= Terefah =

Kosher animal disqualified from being kosher

Terefah (טְרֵפָה, lit. "torn by a beast of prey"; plural טריפות treifot) refers to either:

- A member of a kosher species of mammal or bird, disqualified from being considered kosher, due to pre-existing mortal injuries or physical defects.
- A specific list of mortal injuries or physical defects that disqualify a member of a kosher species of mammal or bird from being kosher.

==Biblical prohibition==
The biblical prohibition of eating terefah stems from the verse:

And you shall be holy people to Me, and flesh torn in the field you shall not eat; you shall throw it to the dog[s].
—

According to the Talmud, there were originally only eight types of terefah, however, the author(s) of the Mishnah added eighteen items to the list. Eventually, Maimonides added even more to finish the list of terefah conditions at 70. Rabbi Joseph Caro organized all of these symptoms in the Shulchan Aruch (Yoreh De'ah, 29-60) by categorizing them according to parts of the animal, their minute malady, and any disease, fracture, or abnormality they may possess.

This prohibition should not be confused with a separate category of prohibition, called nevelah (a carcass), of eating of any kosher species of mammal or bird which died by any means other than shechita. Thus, an animal could only be considered a terefah while alive; once it dies of its terefah wound it would be considered a nevelah. An important consequence is that a terefah which dies by shechita, while not fit for kosher consumption, does not have the status and rules of nevelah (e.g. with regard to imparting ritual impurity).

==The first eight types==
The Talmud enumerates eight types of terefah that would make an animal unfit for ritual sacrifice according to Mosaic law: (Note: According to Maimonides, if one eats from an animal which naturally developed one of the enumerated terefot and then received shechita, they receive lashes by rabbinic rather than Biblical law (Sefer Hamitzvot, negative commandment 181))
- Clawing: the clawing of an animal by a wild beast or of a bird by a bird of prey.
- Perforation: a perforation to the cavity of one of the following 11 organs: the pharynx, the membrane of the brain, the heart and its aorta, the gall bladder, the vena cava inferior, abomasum, rumen, omasum, intestines, the lung and trachea.
- Deficiency: the absence from birth of one of the lobes of the lung, or one of the feet.
- Missing: the absence of converging sinews in the thigh, or the liver, or the upper jaw.
- Severing: the severing of the membrane covering the spinal cord whether the spinal column be broken or not.
- Falling: the crushing of one of the internal organs of an animal as the result of a fall.
- Tearing: the tearing of most of the flesh covering the rumen.
- Fracturing: such as the fracturing of most of its ribs.

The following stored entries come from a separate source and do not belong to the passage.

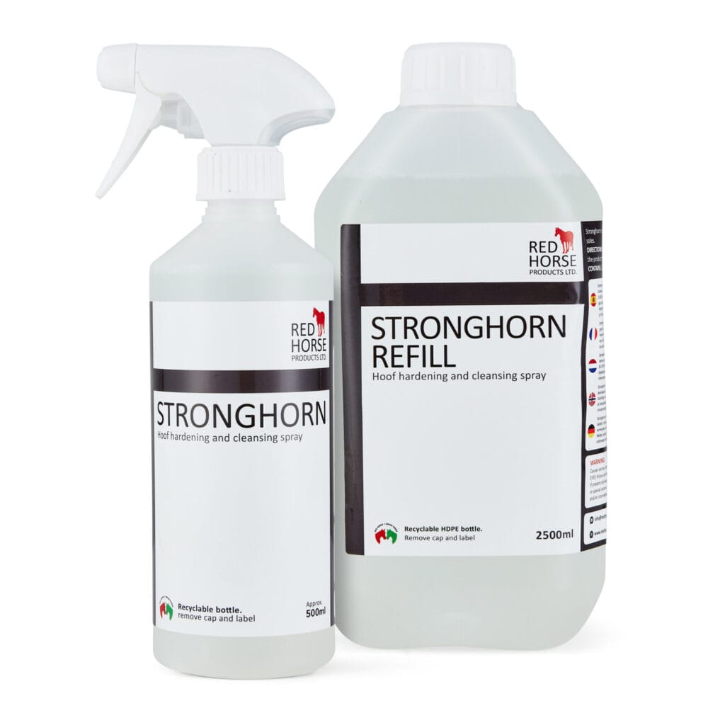 Stronghorn spray voedt en verhardt het hoornweefsel en is een krachtig hoefreinigingsmiddel.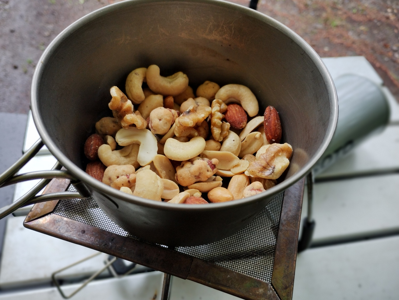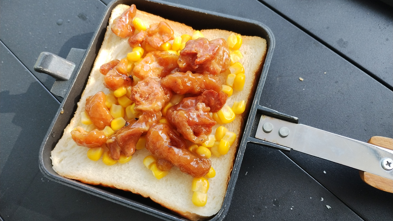 ということで、缶詰のコーンと焼き鳥でホットサンド。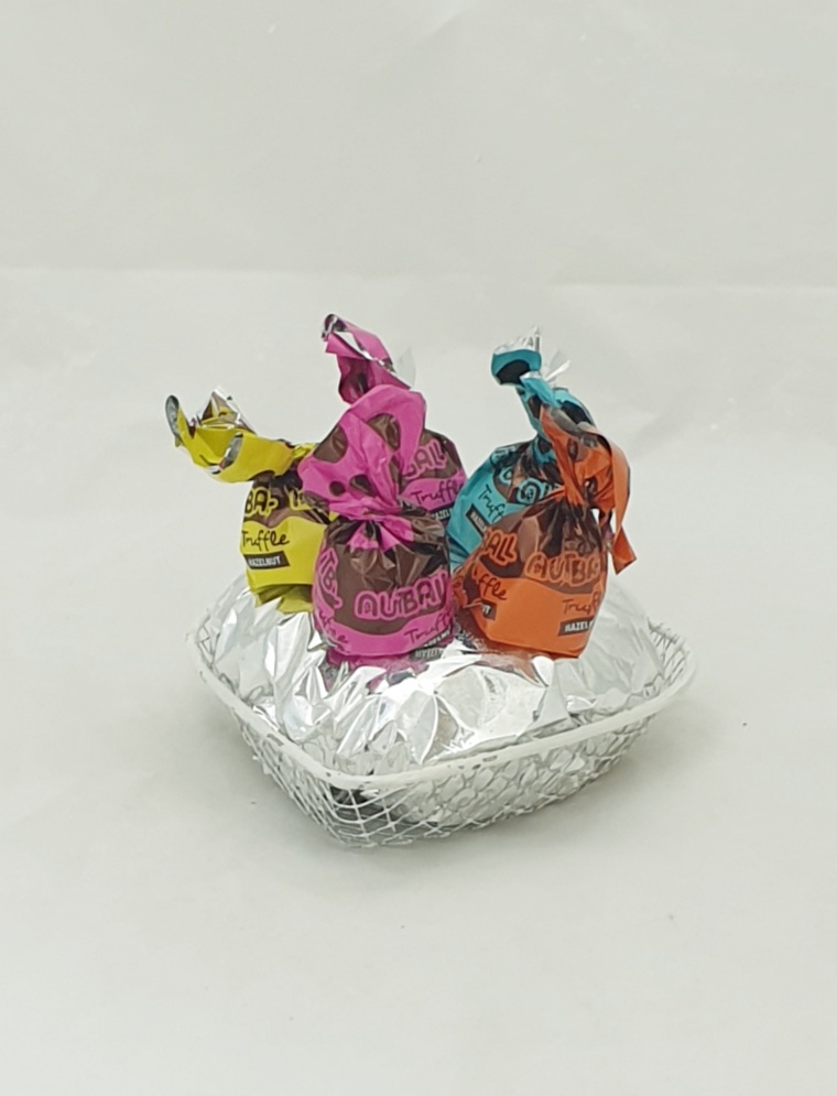 5 CHOCS ON WHITE BASKET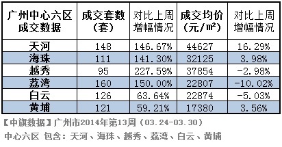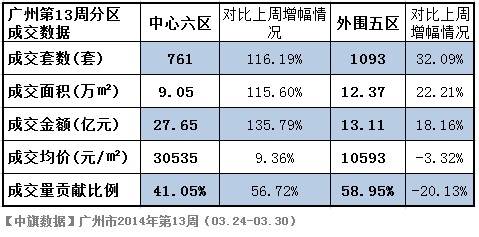 2、2014年第13周广州市中心六区与外围五区成交量变化情况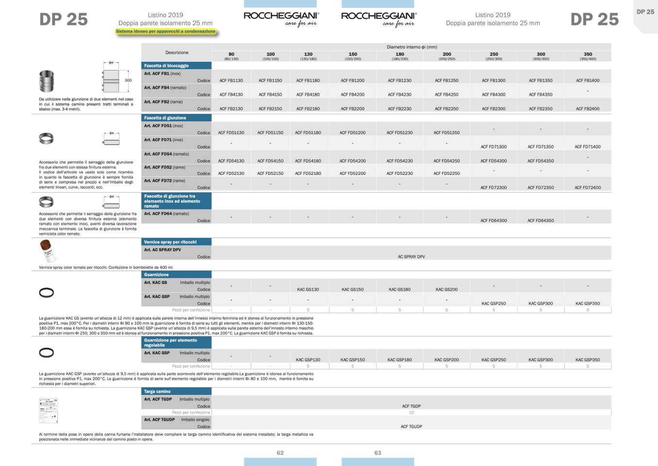 in pressione positiva P1, max 200°C. La guarnizione è fornita di serie sull’elemento regolabile per i diametri interni Фi 80 e 100 mm, mentre è fornita su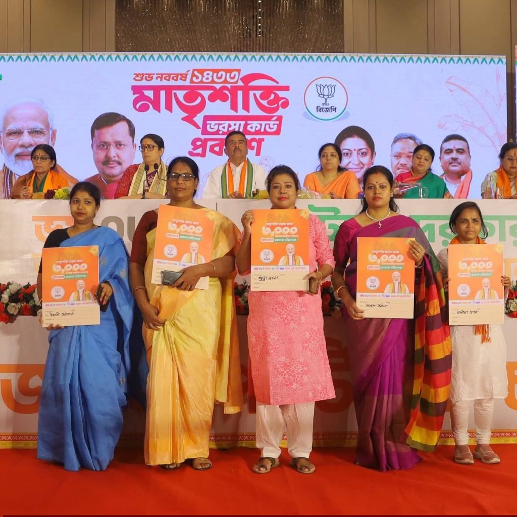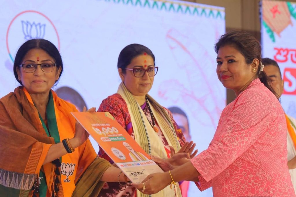 Spread the love রাজ্যের মহিলাদের স্বনির্ভর করে তোলার লক্ষ্য নিয়ে বিজেপি আজ ‘মাতৃশক্তি ভরসা কার্ড’-এর আনুষ্ঠানিক উদ্বোধন করল। দলের নেত্রী ও প্রাক্তন কেন্দ্রীয় মন্ত্রী Smriti Irani এই কার্ডের উন্মোচন করেন। উদ্বোধনী অনুষ্ঠানে তিনি জানান, রাজ্যে বিজেপি সরকার ক্ষমতায় এলে মহিলাদের আর্থিকভাবে স্বাবলম্বী করতে প্রতি মাসে ১ থেকে ৫ তারিখের মধ্যে তাঁদের ব্যাংক অ্যাকাউন্টে ৩,০০০ টাকা করে প্রদান করা হবে। পাশাপাশি মহিলাদের জন্য একাধিক আর্থিক সহায়তা প্রকল্প দলের সংকল্পপত্রে ঘোষণা করা হয়েছে। তিনি আরও বলেন, সেই প্রতিশ্রুতির প্রতীক হিসেবেই ‘মাতৃশক্তি ভরসা কার্ড’-এর সূচনা করা হয়েছে, যা ভবিষ্যতে মহিলাদের ক্ষমতায়নের পথে একটি গুরুত্বপূর্ণ পদক্ষেপ হিসেবে কাজ করবে। Post navigation বাংলা নববর্ষে মোহর কুঞ্জে মঙ্গল শোভাযাত্রা, উৎসবে মাতল শহর ওয়ার্ধার সেবাগ্রাম আশ্রমে রাষ্ট্রপতি দ্রৌপদী মুর্মুর শ্রদ্ধা নিবেদন, রোপণ করলেন চারা গাছ
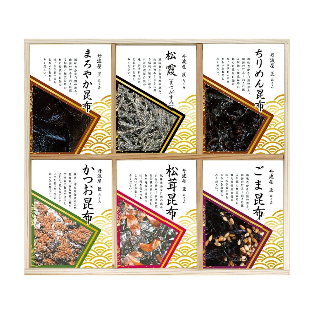 松茸昆布57g、ちりめん昆布・ごま昆布各46g、松霞25g、かつお昆布58g、まろやか昆布67g 原料原産地:松茸(中国)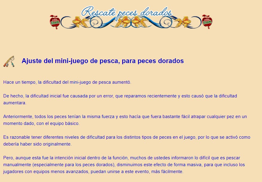Recordad, que en esta actualización, se ajustó el evento del Rescate de Peces Dorados, abre el spoiler, haz clic en la imagen y accede al Anuncio completo.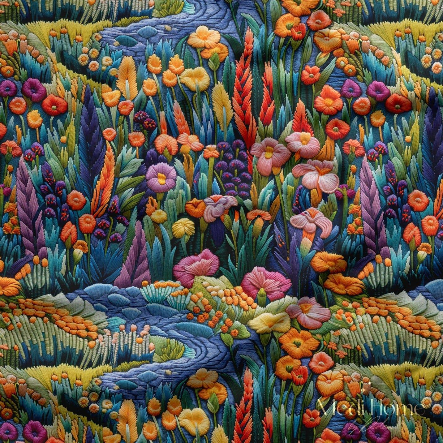 Renklerin Senfonisi: Çiçeklerle 3D Orman Dijital Baskılı Kumaş (Embriodery 16)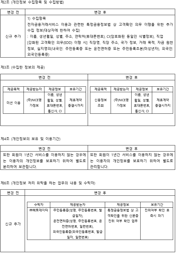 - 내용: 제공목적, 개인정보 관리 현행화, 고객확인 의무 이행에 따른 수집 항목 추가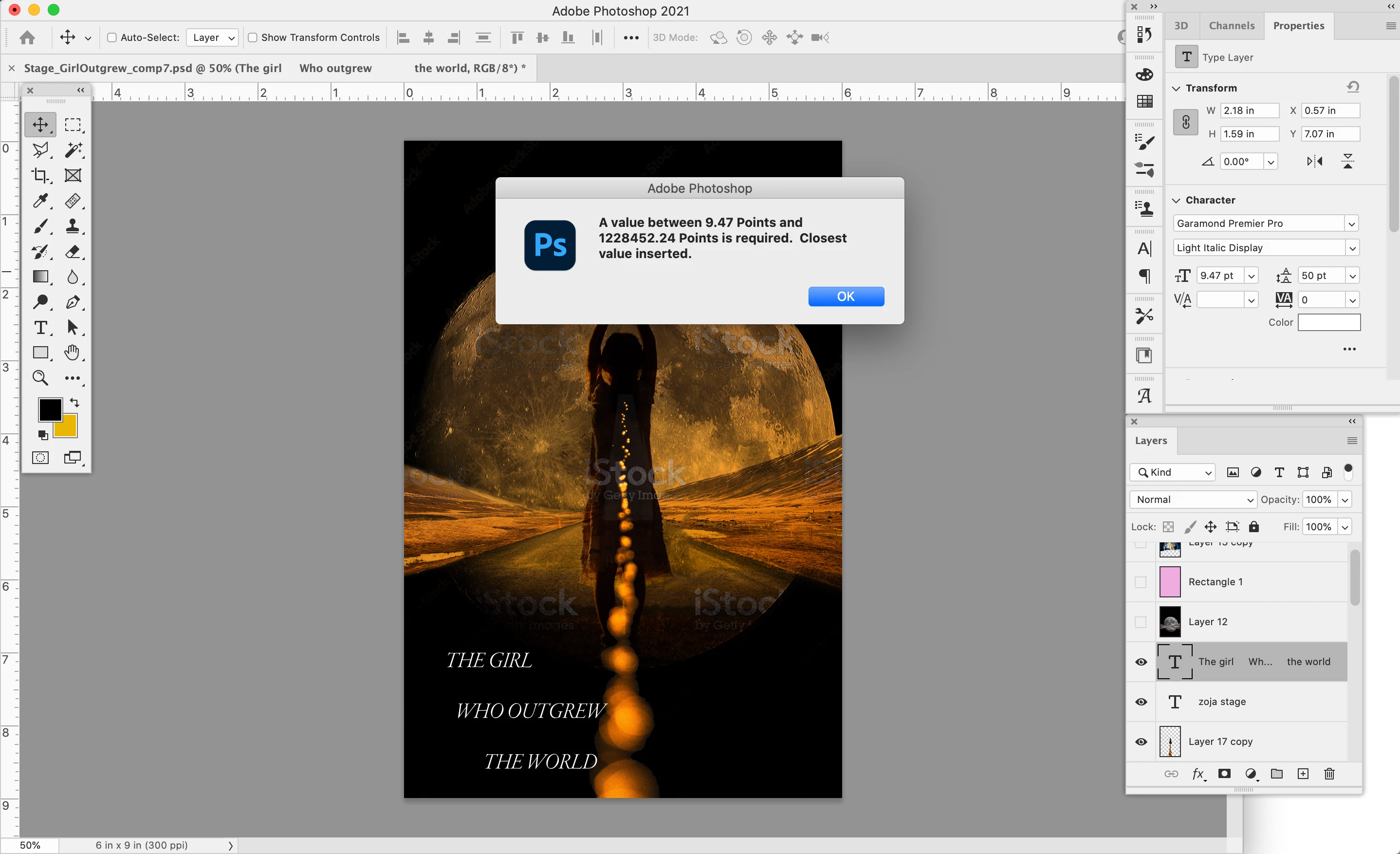 When I go to change font size, I keep gettinbg variations on the subject line error, A value between 18.98 Points and 2460578.82 Points is required. Closest value inserted. For instance. It just started yesterday. Sometimes, if I quit Photoshop and reboot it stops but then will start again later.

== Influence in other languages ==

The Yiddish word טרייף, treyf, derived from terefah, refers to any non-kosher foods, not just those that fall under the category of terefah as described above. The Yiddish word and its verb form treyfn gave rise to the Polish word trefny, meaning 'deficient, illicit'.

Certain food taboos in Suriname are known in Surinamese Dutch as Treef, derived from Sranan Tongo trefu and ultimately from terefah due to influence from Sephardi Jews who came to Suriname in the 17th century (similarly to Sranan kaseri 'ritually clean' from kosher).